> _WORK ORDER_
Copy the following data exactly and drop the pictures.

> _COLLECTED MATERIAL_
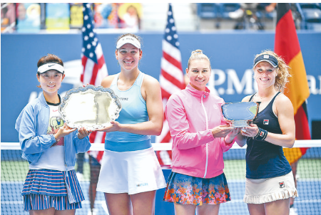 ▲9月11日,徐一璠(左一)、梅里查尔(左二)与兹沃娜列娃(右二)、西格蒙德在颁奖仪式上。 当日,在2020美国网球公开赛女双决赛中,徐一璠(中国)/梅里查尔(美国)以0比2不敌西格蒙德(德国)/兹沃娜列娃(俄罗斯),获得亚军。 新华社/路透
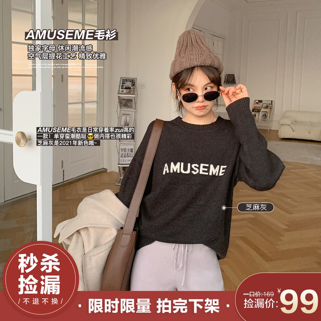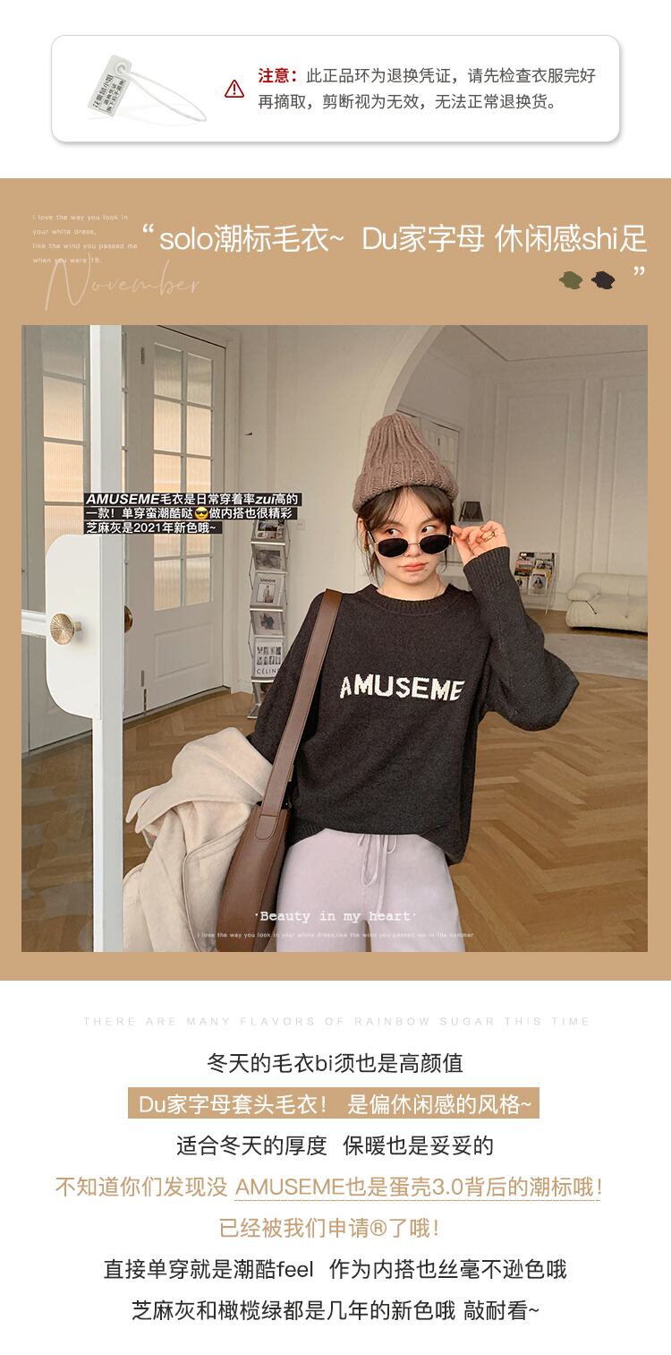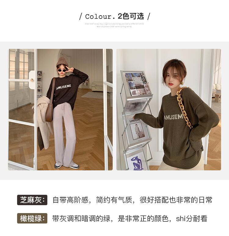 ミスシマリスショートラウンドネックセーターレディース2020新しいウエスタンスタイルカジュアル長袖ボトミングトップ missi1941863416
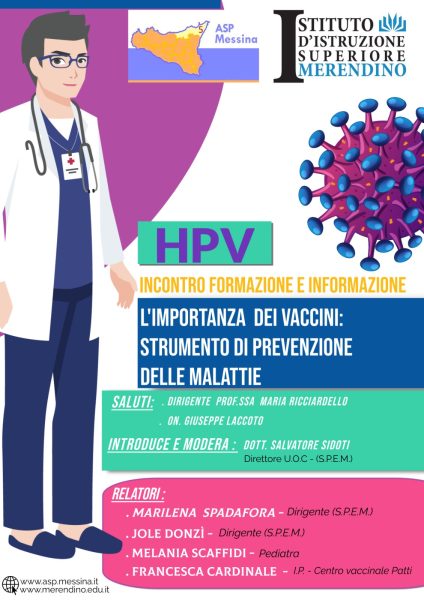 Si è svolto oggi mercoledì 17 maggio all’Istituto alberghiero Merendino, sede di Brolo, un incontro organizzato dall’Asp di Messina sul tema Hpv – formazione e informazione nell’ambito della campagna dell’azienda sanitaria provinciale su “L’importanza dei vaccini: strumento di prevenzione delle malattie”. Dopo i saluti della dirigente scolastica, Maria Ricciardello, ha introdotto e moderato l’evento il direttore dell’U.O.C. Dipartimento di Prevenzione dell’Asp di Messina Salvatore Sidoti.

> _ANSWER SPACE_
 ▲9月11日,徐一璠(左一)、梅里查尔(左二)与兹沃娜列娃(右二)、西格蒙德在颁奖仪式上。 当日,在2020美国网球公开赛女双决赛中,徐一璠(中国)/梅里查尔(美国)以0比2不敌西格蒙德(德国)/兹沃娜列娃(俄罗斯),获得亚军。 新华社/路透
 ミスシマリスショートラウンドネックセーターレディース2020新しいウエスタンスタイルカジュアル長袖ボトミングトップ missi1941863416
 Si è svolto oggi mercoledì 17 maggio all’Istituto alberghiero Merendino, sede di Brolo, un incontro organizzato dall’Asp di Messina sul tema Hpv – formazione e informazione nell’ambito della campagna dell’azienda sanitaria provinciale su “L’importanza dei vaccini: strumento di prevenzione delle malattie”. Dopo i saluti della dirigente scolastica, Maria Ricciardello, ha introdotto e moderato l’evento il direttore dell’U.O.C. Dipartimento di Prevenzione dell’Asp di Messina Salvatore Sidoti.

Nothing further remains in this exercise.